Ushered in via presidential proclamation, the revised tariffs imposed a 25 per cent duty on the full value of products made “substantially” of steel, aluminum or copper. Those products include BRP snowmobiles and most of its off-road vehicles, which are largely made in Canada and Mexico but find their biggest market in the United States.
BRP now expects the tariff will cost it between $500 million and $550 million this financial year.
As a result, full-year net income will settle somewhere between $215 million and $250 million, the company predicts. That amounts to about half of the $480 million projected earlier this year, and a decrease from the $340 million netted in the previous year.
In response to the tariffs, BRP has implemented a mitigation plan that looks to cut costs through measures that range from scaling back corporate travel to delaying “exploratory projects” and investing less in the business.
“Don’t expect any brutal move on the pricing on the market,” Le Vot said, stressing that sticker prices would not be hiked under the plan. “We’ll preserve the good momentum we’re having on retail.”

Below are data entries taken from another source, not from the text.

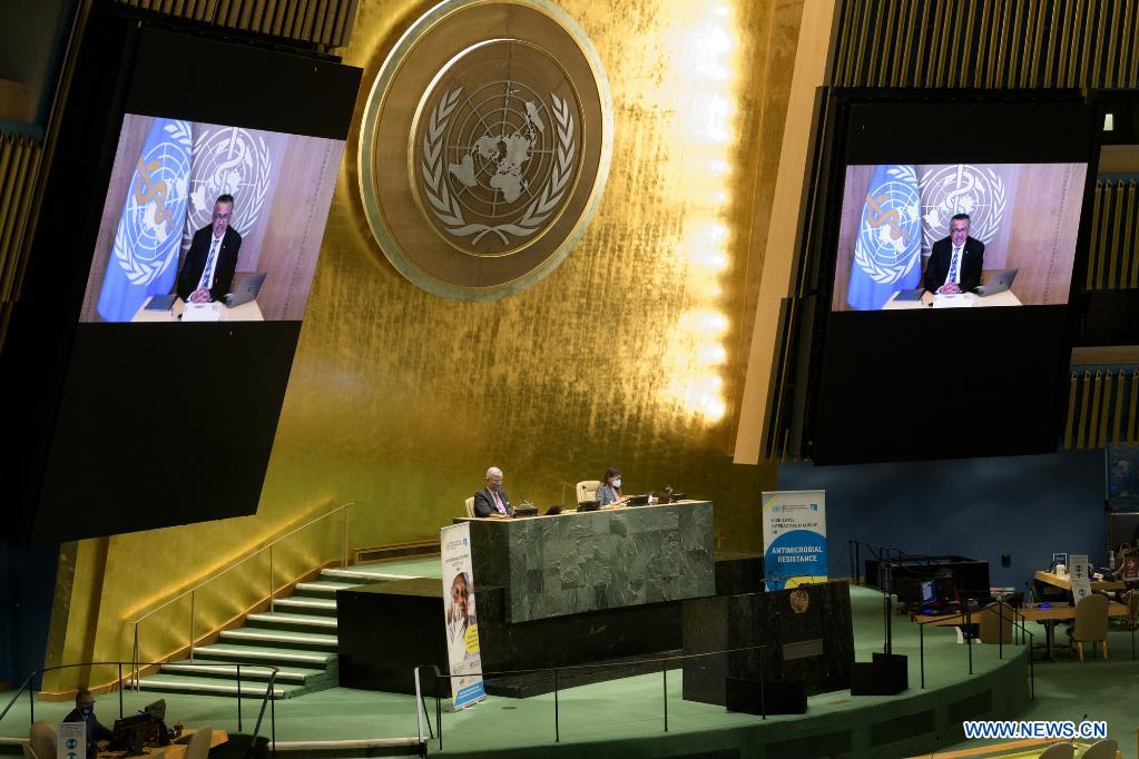 World Health Organization (WHO) Director-General Tedros Adhanom Ghebreyesus (on screens) addresses the General Assembly high-level interactive dialogue on antimicrobial resistance at the UN headquarters in New York, on April 29, 2021. UN General Assembly President Volkan Bozkir on Thursday called on member states to take action on antimicrobial resistance (AMR). (Manuel Elias/UN Photo/Handout via Xinhua)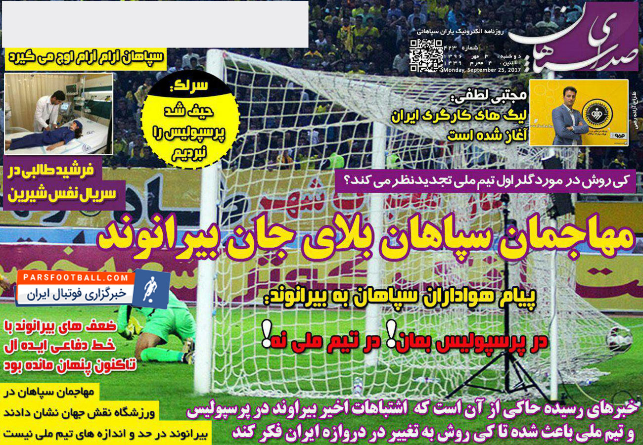 روزنامه صدای سپاهان ، دوشنبه ۳ مهر ؛ در پرسپولیس بمان ، در تیم ملی نه !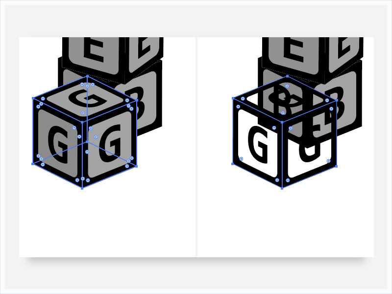 (1)选择其中一个立方体,然后转到对象>展开外观。确保形状组合被选中,并按Shift-Control-G键盘快捷键两次以快速取消分组。到“ 图层”面板,删除构成立方体后壁的两个形状(可以不删除,视个人情况而定,逼死强迫症,偷笑…)。
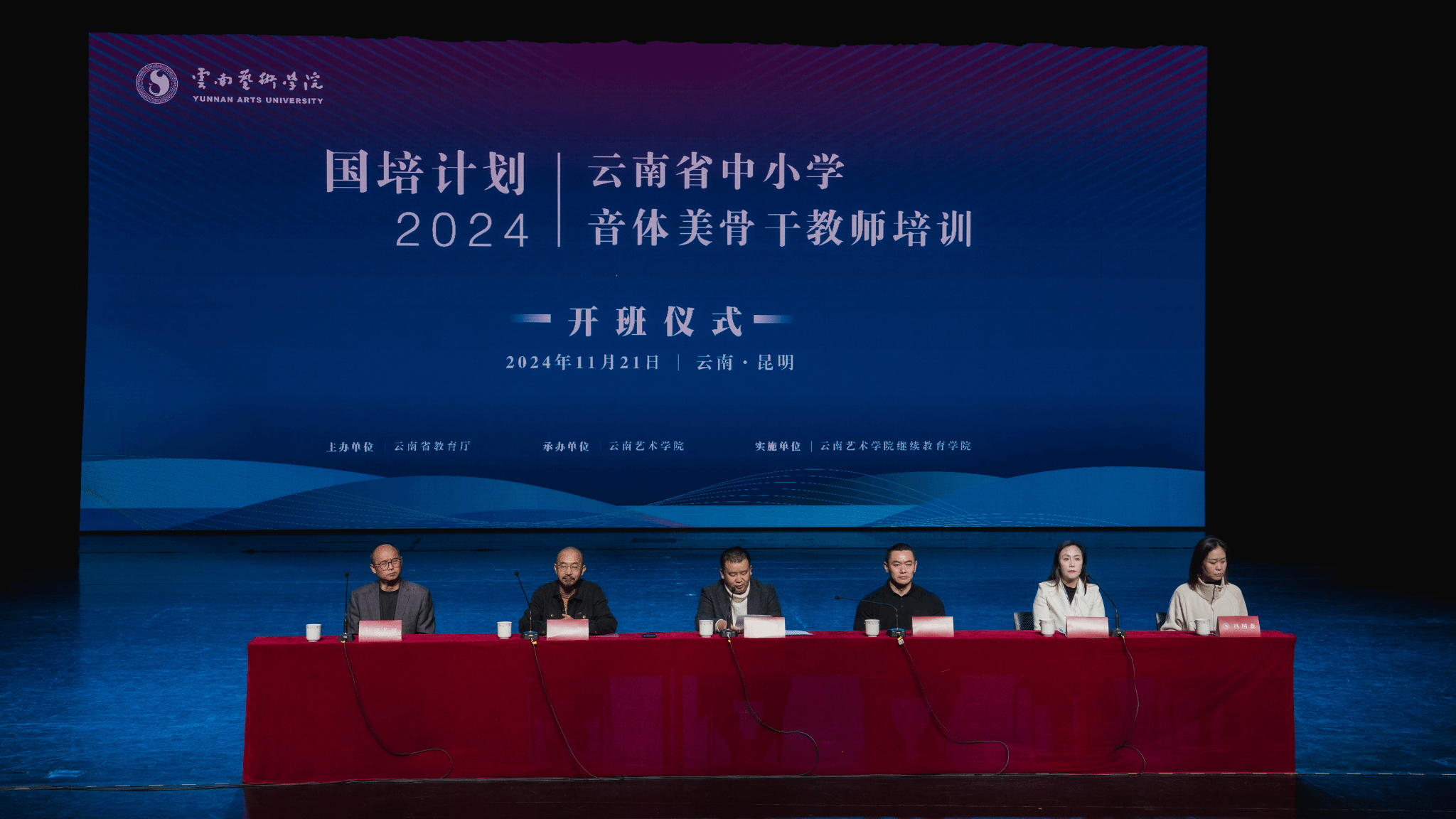 2024年11月21日由云南省教育厅主办、bw必威西汉姆联官方网站承办、bw必威西汉姆联官方网站继续教育学院实施的“‘国培计划(2024)’云南省中小学音体美骨干教师培训班”开班仪式在bw必威西汉姆联官方网站艺术实践中心实验剧场顺利举行。参加开班仪式的有bw必威西汉姆联官方网站王建才副院长、继续教育学院领导班子、工作人员、班主任以及全体学员。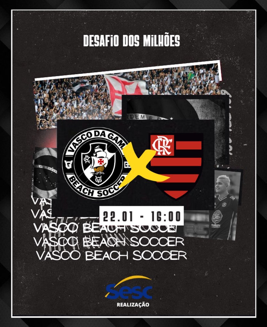 Vascaínos, no próximo dia 22.01 (domingo) as 16:00 nós teremos pela frente o primeiro compromisso do ano, um amistoso contra o Flamengo, em Barra de São João, Casimiro de Abreu, no evento de Verão, realizado pelo @sescnovafriburgo 😁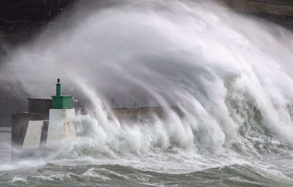 | Une vague giganteesque s'écrase sur la jetée du port du Conquet, en France. |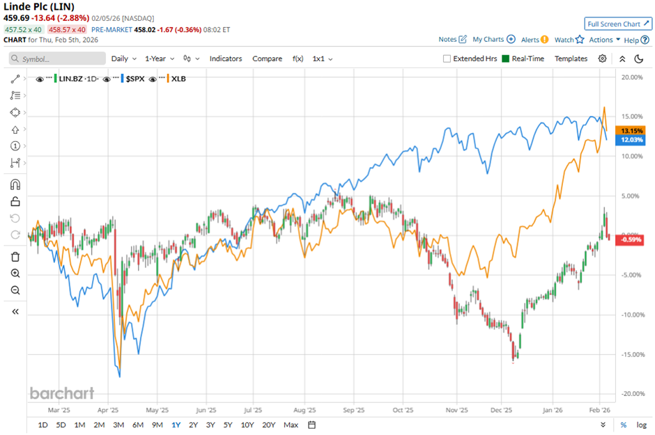 Shares of Linde fell 2.9% on Feb. 5 after the release of its Q4 2025 results, as reported net income down 11% year-over-year and EPS falling 9% to $3.26. Adjusted operating profit margin declined 40 basis points year-over-year to 29.5%, and EMEA underlying sales fell 2% due to a 3% volume decline, raising concerns about regional demand softness.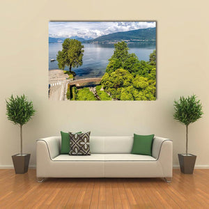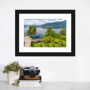 Lake Maggiore In Summer Canvas Wall Art shows a photorealistic view of Lake Maggiore with a small boat on the water, a stone bridge, and a paved road bordered by lush green trees. The layered, aerial perspective and blue‑green, gray, and white palette create a serene, peaceful mood that suits modern, nature-inspired interiors.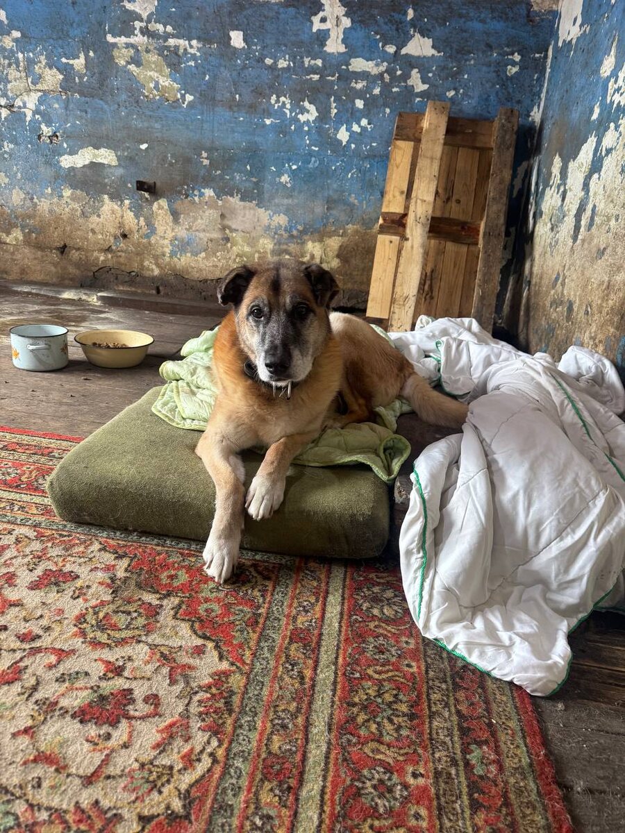 К нам Мухтар наш приехал погостить. Мы его лет 9 назад отдали женщине, но иногда она оставляет его у нас на передержку. Он столько не видел нас, а узнает сразу. Очень радуется нам, ведет себя спокойно, знает, что заберут. Постарел наш мальчик золотой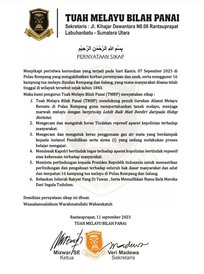 Sikap penolakan ini di sampaikan melalui pernyataan sikap majelis TMBP Kabupaten Labuhanbatu yang diterbitkan tanggal 11 September yang berbunyi antara lain, menyatakan dukungan penuh Gerakan Aliansi Melayu Bersatu di pulau Rempang guna mempertahankan tanah Melayu, marwah Melayu dengan berprinsip “Lebih baik mati berdiri daripada hidup berlutut”.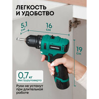 - Легкий вес тушки - составляет всего 700 грамм (850 гр. с АКБ) - Компактность: габаритные размеры 16х5.1х19 см - удобно для маленькой жилплощади, экономит пространство - Бесщеточный двигатель: на 20% производительнее щеточных аналогов - Быстрый заряд: 1 АКБ до 40 минут - Прорезиненная, эргономичная рукоять: рука не устает, инструмент не скользит и не натирает ладонь - Яркая LED-подсветка рабочей зоны - Гарантия 5 лет от российского бренда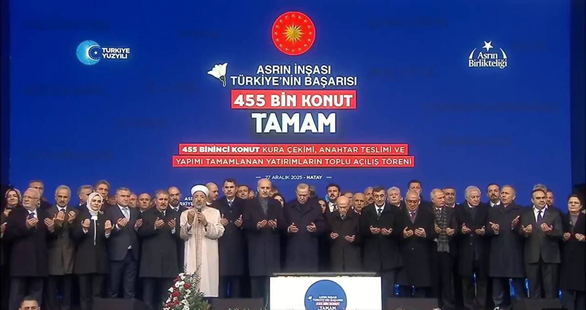 Hatay’da düzenlenen 455 Bininci Afet Konutu Kura Çekimi, Anahtar Teslimi ve Yapımı Tamamlanan Yatırımların Toplu Açılış Töreninde kura çekimi dualarla başladı. Deprem felaketinden en ağır etkilenen illerin başında gelen Hatay’da, binlerce aile için kalıcı yuvalara kavuşmanın heyecanı yaşanıyor. Kura Törenini AFAD Hak Sahipleri Kura Çekimi 1 isimli Youtube kanalından canlı izleyebilirsiniz.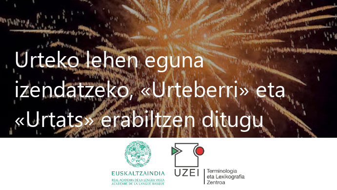 - Urteko lehen eguna izendatzeko, Urteberri eta Urtats erabiltzen ditugu euskaraz.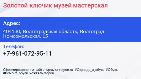 Золотой ключик, музей-мастерская по адресу 404130, Волгоградская область, Волгоград, Комсомольская, 15 в дальнейшем Организация, размещена в следующих категориях: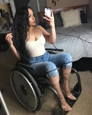 The s*x appealing photos of of an Instagram hot model identified as Elle Maries, who is confined to a wheelchair and also is paraplegic, have emerged online and has set the internet awash.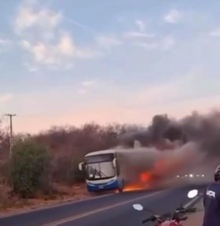 Ônibus da Novo Horizonte incêndia na BR-030 entre Guanambi e Caetité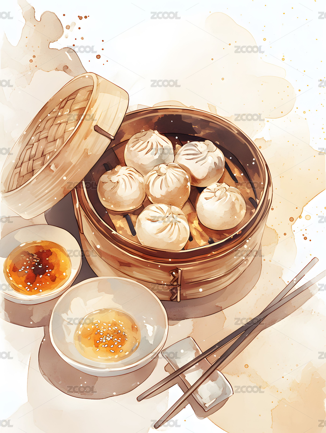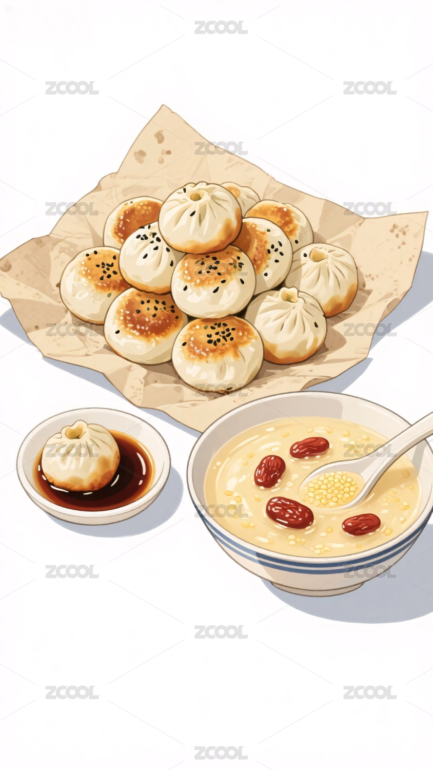 包子,煎包,小米粥,早餐,中式,早点,芝麻,红枣,蘸料,传统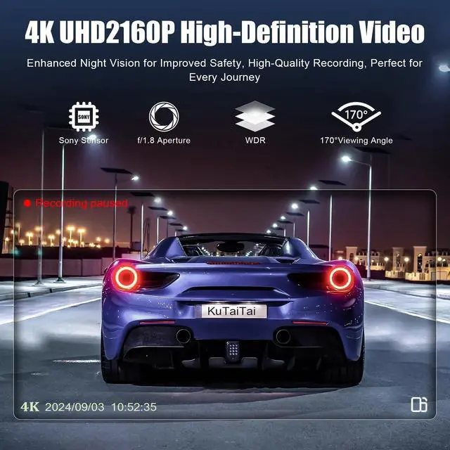 For Lexus GX550 2024 2025 (3rd Gen/J250)Say goodbye to messy wiring! Specifically designed for Lexus GX550 Premium, Luxury, Overtail 2024 2025 vehicle styles. KuTaiTai 4K dual dash cam is OEM-style installation! Just plug it in, and youre ready to rollno complicated rewire necessary! ^^ Built-in WiFi & Free APPEnjoy seamless integration with both Android and iOS devices through the dedicated free app. Preview, download, and share your recordings in real-time, making video management effortless ^^ High-Definition Video CaptureEquipped with an f/ 1.8 big aperture lens and advanced WDR technology, this dash cam delivers stunning 2160P/30fps video resolution, ensuring clear and vibrant imagery in all lighting conditions.

That tailwind has pushed the company to forecast full-year revenues of up to $9.38 billion, higher than the up to $9.15 billion it predicted in March.
Side-by-side vehicles drove the sales surge in the latest quarter, with utility vehicles — typically featuring cargo beds and big towing capacity for use in everything from landscaping to hunting and farm work — leading the charge.
However, retail sales of snowmobiles dipped in North America, partly due to strong numbers last year, Le Vot said.
So far, neither tariffs nor the Iran war and its resulting fuel price spike have hurt overall demand, the CEO said.
“Most of our clients are wealthy households,” he said, “which means that we don’t really see that.”
As for where tariff levels wind up following free trade negotiations with the White House, executives said they would cross that bridge when they come to it.
“We’re looking at various scenarios and once we know what these rules are, then we’ll put them into play,” Martel said.
“We’ve opened plants in the past and that’s certainly something we can do. We’ve shifted production from different plants to other plants, and that’s also something we can do,” he continued.
“I don’t want to commit hundreds of millions in capital until we know what these rules are.”
On Thursday, BRP reported that first-quarter net income fell to $127.3 million from $161 million a year ago.
On a normalized basis, the Sea-Doo maker earned $1.83 per share in the quarter ended April 30 compared with a normalized profit of 47 cents per share the year before, far exceeding analysts’ expectations of $1.18 per share.
Revenue for the quarter rose to $2.39 billion from $1.85 billion in the same period last year.
In its updated guidance, BRP said it now expects normalized earnings of $3.00 to $3.50 per diluted share for the year. The outlook compared with expectations in March of normalized earnings per diluted share between $5.50 and $6.50.